■ **Task requirements**: I need the entries printed again word for word, without the images.

■ **Source information**:

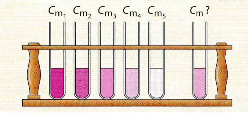 Il s’agit de déterminer la concentration d’une solution inconnue par comparaison avec plusieurs solutions connues.
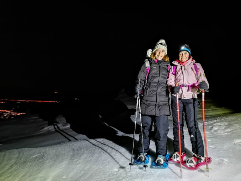 Sigue el rastro de la luz plateada por senderos nevados en esta excursión nocturna con raquetas de nieve. Acompañado por un guía de montaña que te conducirá entre montañas y valles dormidos. Solo tú, la luna y el sonido de tus pasos sobre el manto blanco.
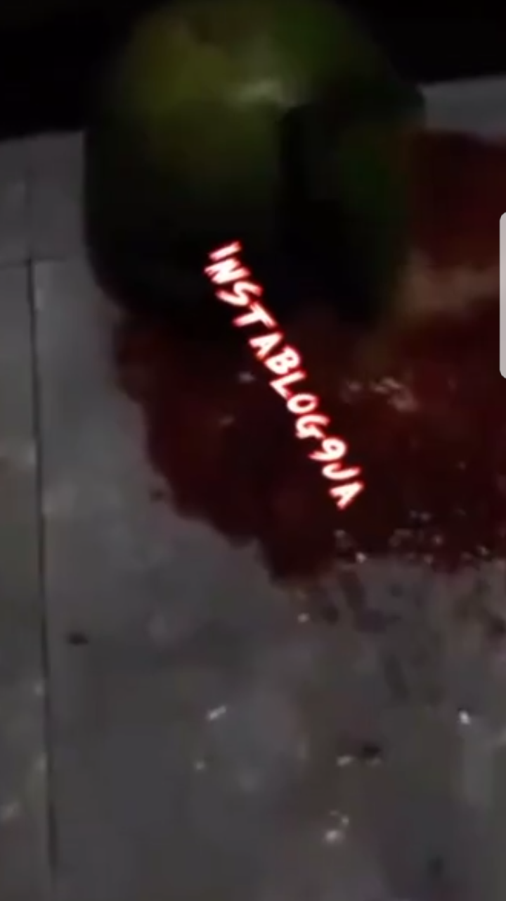 In the video, a woman was seen singing and praising God as she recorded a watermelon which was scattered on the floor.
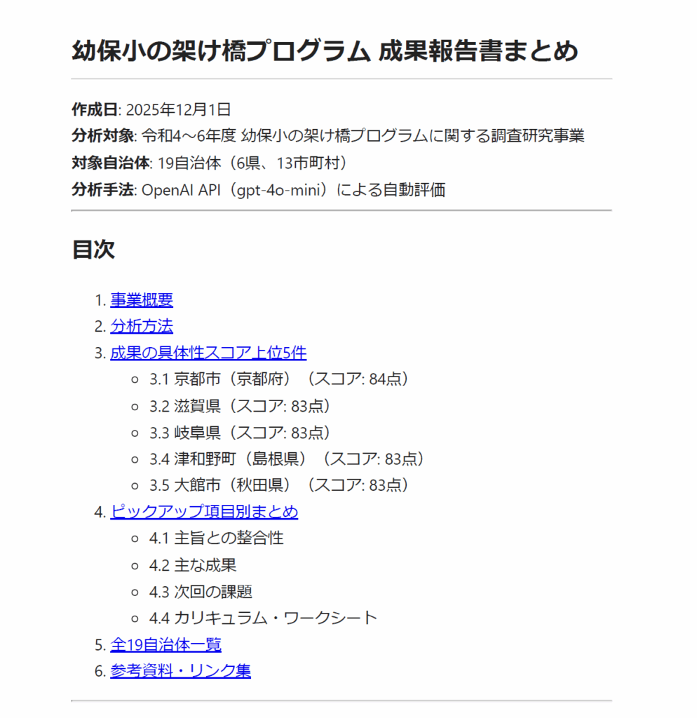 6. **最終レポートPDFの作成** - ピックアップ項目単位の目次構成で、選定した5自治体の詳細分析をまとめてPDF化
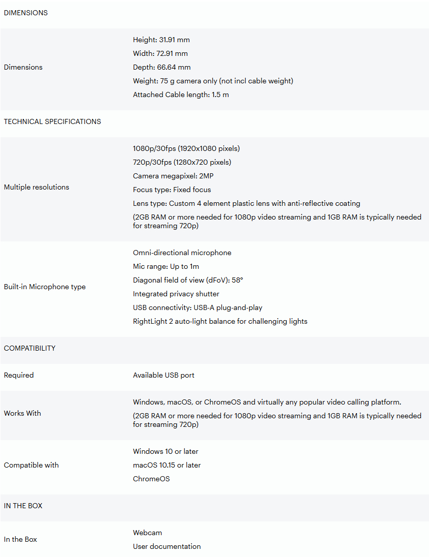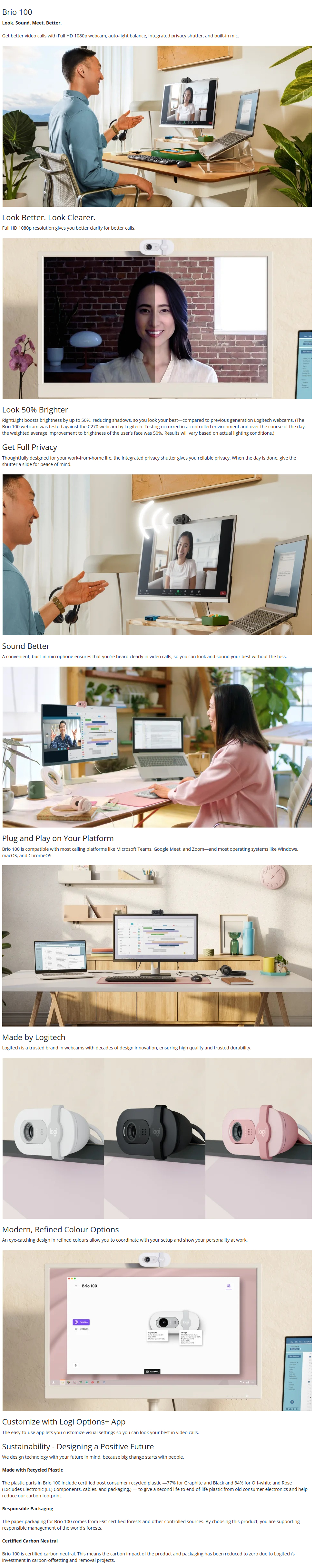 The Logitech BRIO 100 Full HD 1080p Webcam 960-001618 features a sleek design, Full HD 1920 x 1080 resolution, RightLight 2 auto-light balance to boost brightness by up to 50%, built-in omnidirectional microphone, privacy shutter, and is plug and play with most calling platforms and operating systems like Windows, Mac OS and ChromeOS. It offers customisation options for visual settings using the Logi Options+ app, and is carbon-neutral certified.
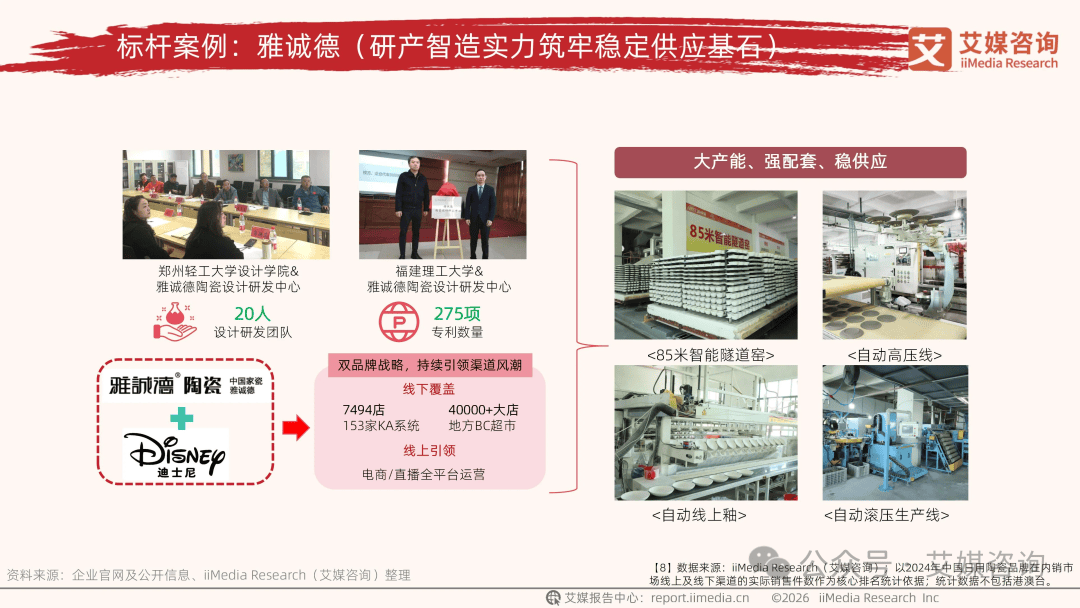 广东雅诚德实业有限公司(简称“雅诚德○▪”)成立于2004年,是中国日用陶瓷龙头企业。公司具备强大的规模化生产制造实力,现有员工超千人,配备印花机100余台、自动滚压生产线条、自动上釉线条,厂房总面积逾11万平方米,日吞吐量达900立方米,日用陶瓷年产量超过1亿件•。凭借硬核产能与市场竞争力▽,雅诚德荣膺2024年度日用陶瓷全国销量冠军。标杆案例:雅诚德(七大产品体系覆盖日用陶瓷全场景)
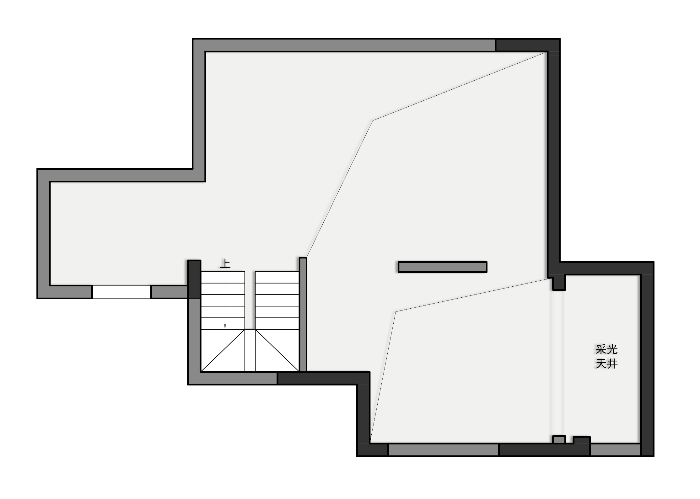 3?負(fù)一層保留了大挑空,結(jié)合少量現(xiàn)澆,把空間變得更方正,利用率更高。將北面采光井也納入室內(nèi)規(guī)劃范圍,難處理的Z字形承重柱用柜子做裝飾,滿足了儲(chǔ)物需求,空間也更加美觀。這個(gè)空間主要作為多功能的書房和儲(chǔ)物間來使用,滿足客戶工作、閱讀、儲(chǔ)物等需求。
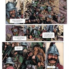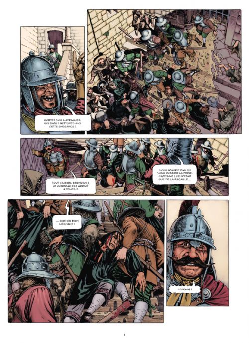Le dessin d’Igor Kordey commence à être reconnu et est reconnaissable. Ses moues souvent antipathiques, ses héros un peu rustauds et souvent costauds, font que les personnages mettent du temps à être acceptés, avant d’être totalement installés et incontournables. Dans un décor qui alterne entre le baroque du XVIIe siècle et l’inventivité que l’on retrouve chez Bethesda dans les séries Elder Scrolls, tout se mélange avec un ton assez sombre, pourtant relevé de nombreuses couleurs souvent peu utilisées en bande dessinée. Et pourtant, dans ce style hirsute, on se prend à voir quelques traces de Dionnet et de ses Armées du Conquérant, comme si cette ambiance rauque avait traversé les époques et les styles.
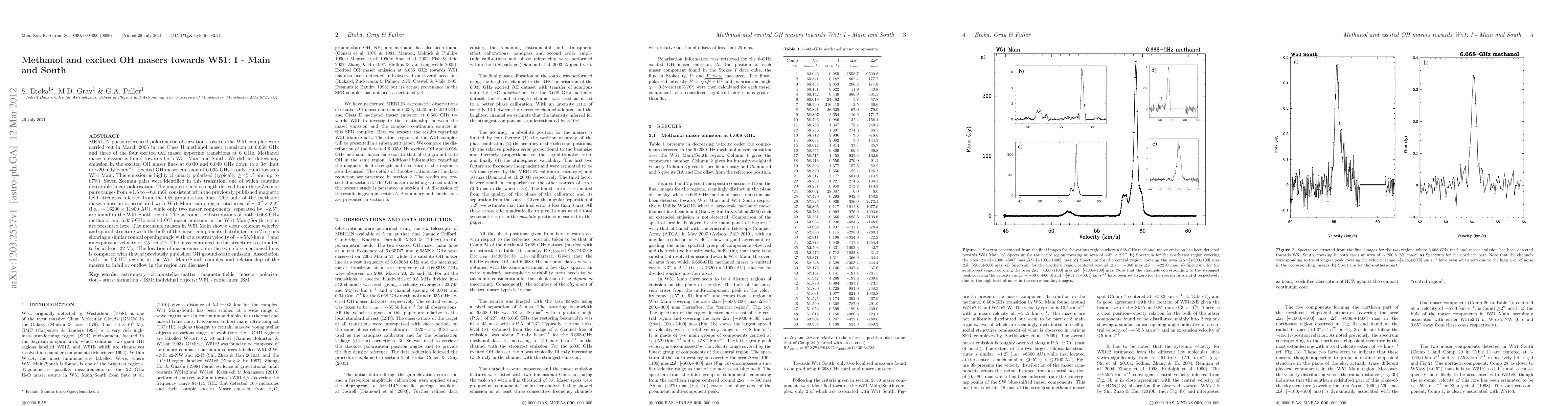 This paper reports on MERLIN observations of methanol and excited OH masers in the W51 complex, finding methanol masers in both W51 Main and South, while only detecting excited OH masers in W51 Main. The study reveals a coherent velocity and spatial structure in the methanol masers, estimating a mass of at least 22 solar masses.
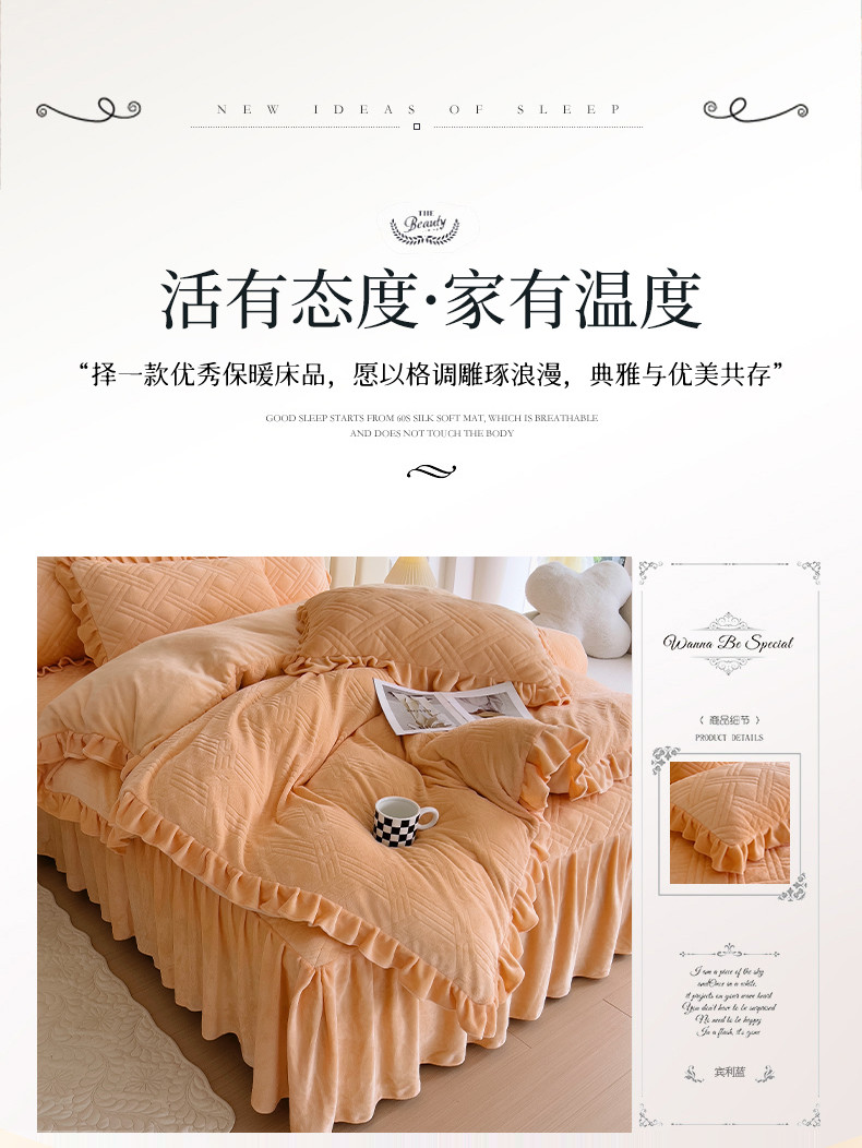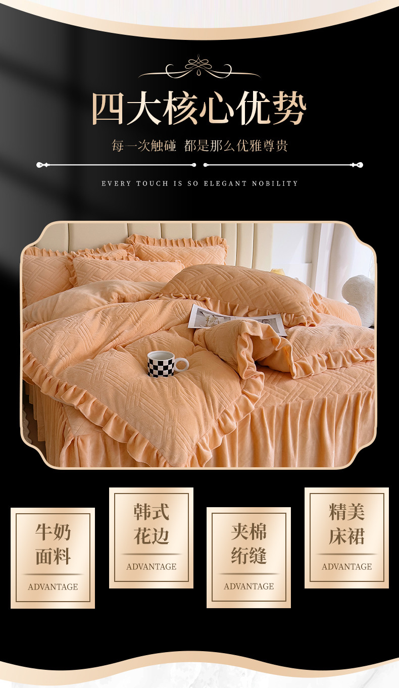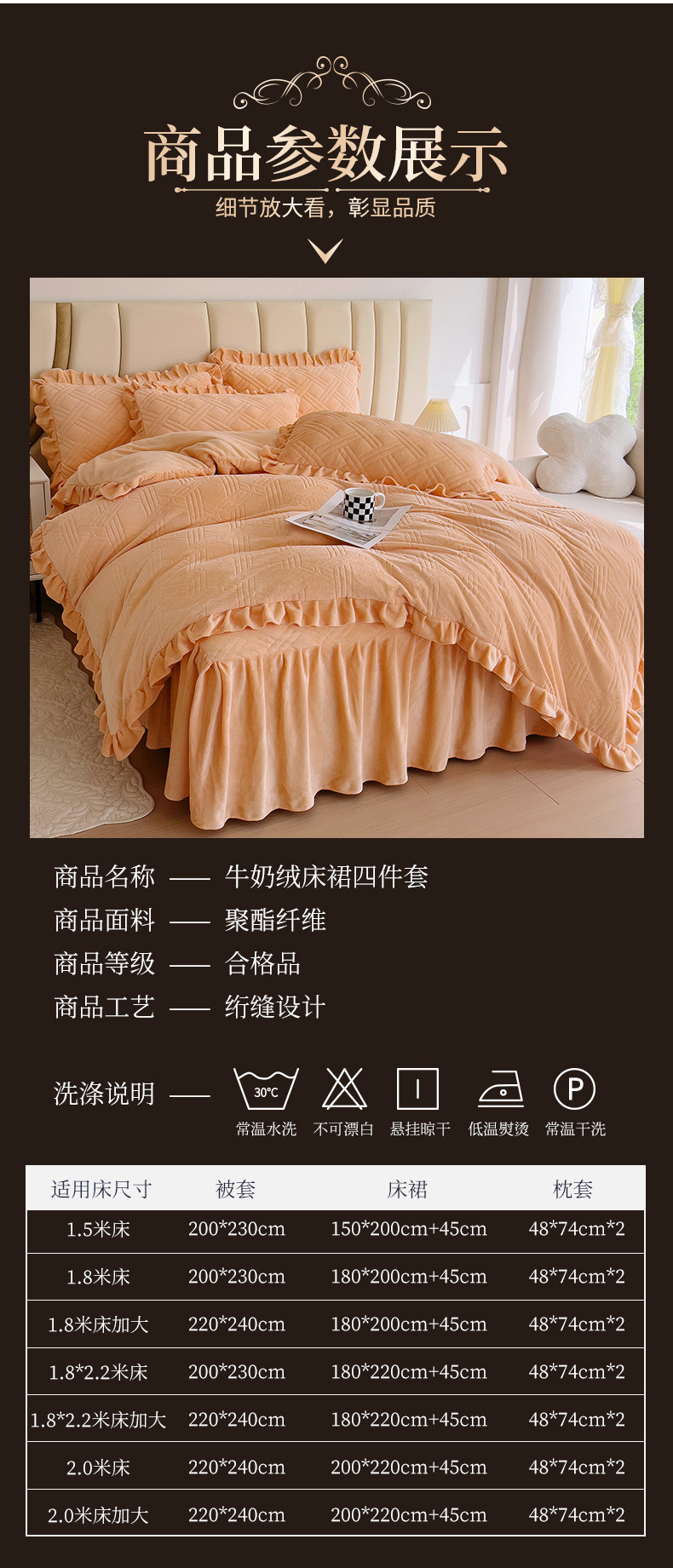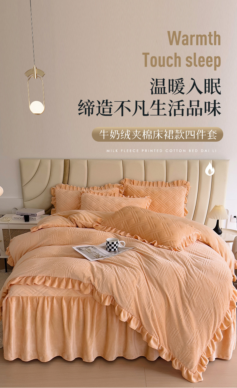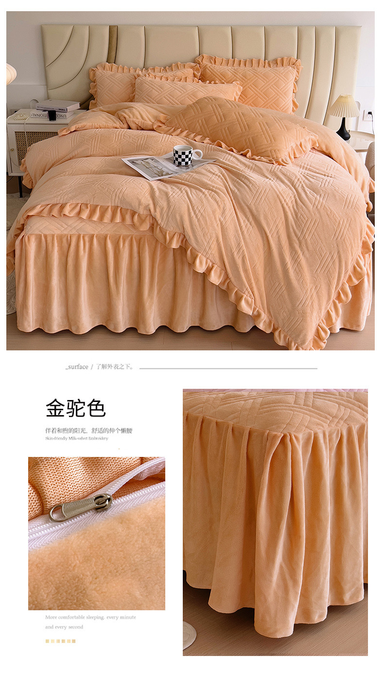 当前位置: 91家纺网 > 商品网购 > 床品套件 > 四件套 > 牛奶绒四件套 > 十个点家纺 2024新款牛奶绒床裙四件套-欣雅 欣雅金驼色
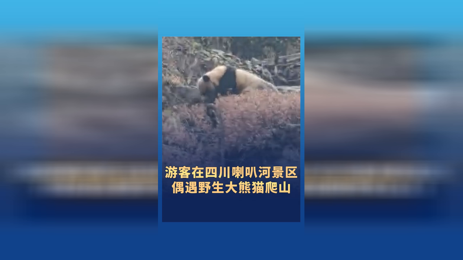四川天全:游客在喇叭河景區偶遇野生大熊貓爬山

■ **Task output**:
 Il s’agit de déterminer la concentration d’une solution inconnue par comparaison avec plusieurs solutions connues.
 Sigue el rastro de la luz plateada por senderos nevados en esta excursión nocturna con raquetas de nieve. Acompañado por un guía de montaña que te conducirá entre montañas y valles dormidos. Solo tú, la luna y el sonido de tus pasos sobre el manto blanco.
 In the video, a woman was seen singing and praising God as she recorded a watermelon which was scattered on the floor.
 6. **最終レポートPDFの作成** - ピックアップ項目単位の目次構成で、選定した5自治体の詳細分析をまとめてPDF化
 The Logitech BRIO 100 Full HD 1080p Webcam 960-001618 features a sleek design, Full HD 1920 x 1080 resolution, RightLight 2 auto-light balance to boost brightness by up to 50%, built-in omnidirectional microphone, privacy shutter, and is plug and play with most calling platforms and operating systems like Windows, Mac OS and ChromeOS. It offers customisation options for visual settings using the Logi Options+ app, and is carbon-neutral certified.
 广东雅诚德实业有限公司(简称“雅诚德○▪”)成立于2004年,是中国日用陶瓷龙头企业。公司具备强大的规模化生产制造实力,现有员工超千人,配备印花机100余台、自动滚压生产线条、自动上釉线条,厂房总面积逾11万平方米,日吞吐量达900立方米,日用陶瓷年产量超过1亿件•。凭借硬核产能与市场竞争力▽,雅诚德荣膺2024年度日用陶瓷全国销量冠军。标杆案例:雅诚德(七大产品体系覆盖日用陶瓷全场景)
 3?負(fù)一層保留了大挑空,結(jié)合少量現(xiàn)澆,把空間變得更方正,利用率更高。將北面采光井也納入室內(nèi)規(guī)劃范圍,難處理的Z字形承重柱用柜子做裝飾,滿足了儲(chǔ)物需求,空間也更加美觀。這個(gè)空間主要作為多功能的書房和儲(chǔ)物間來使用,滿足客戶工作、閱讀、儲(chǔ)物等需求。
Le dessin d’Igor Kordey commence à être reconnu et est reconnaissable. Ses moues souvent antipathiques, ses héros un peu rustauds et souvent costauds, font que les personnages mettent du temps à être acceptés, avant d’être totalement installés et incontournables. Dans un décor qui alterne entre le baroque du XVIIe siècle et l’inventivité que l’on retrouve chez Bethesda dans les séries Elder Scrolls, tout se mélange avec un ton assez sombre, pourtant relevé de nombreuses couleurs souvent peu utilisées en bande dessinée. Et pourtant, dans ce style hirsute, on se prend à voir quelques traces de Dionnet et de ses Armées du Conquérant, comme si cette ambiance rauque avait traversé les époques et les styles.
 This paper reports on MERLIN observations of methanol and excited OH masers in the W51 complex, finding methanol masers in both W51 Main and South, while only detecting excited OH masers in W51 Main. The study reveals a coherent velocity and spatial structure in the methanol masers, estimating a mass of at least 22 solar masses.
 当前位置: 91家纺网 > 商品网购 > 床品套件 > 四件套 > 牛奶绒四件套 > 十个点家纺 2024新款牛奶绒床裙四件套-欣雅 欣雅金驼色
四川天全:游客在喇叭河景區偶遇野生大熊貓爬山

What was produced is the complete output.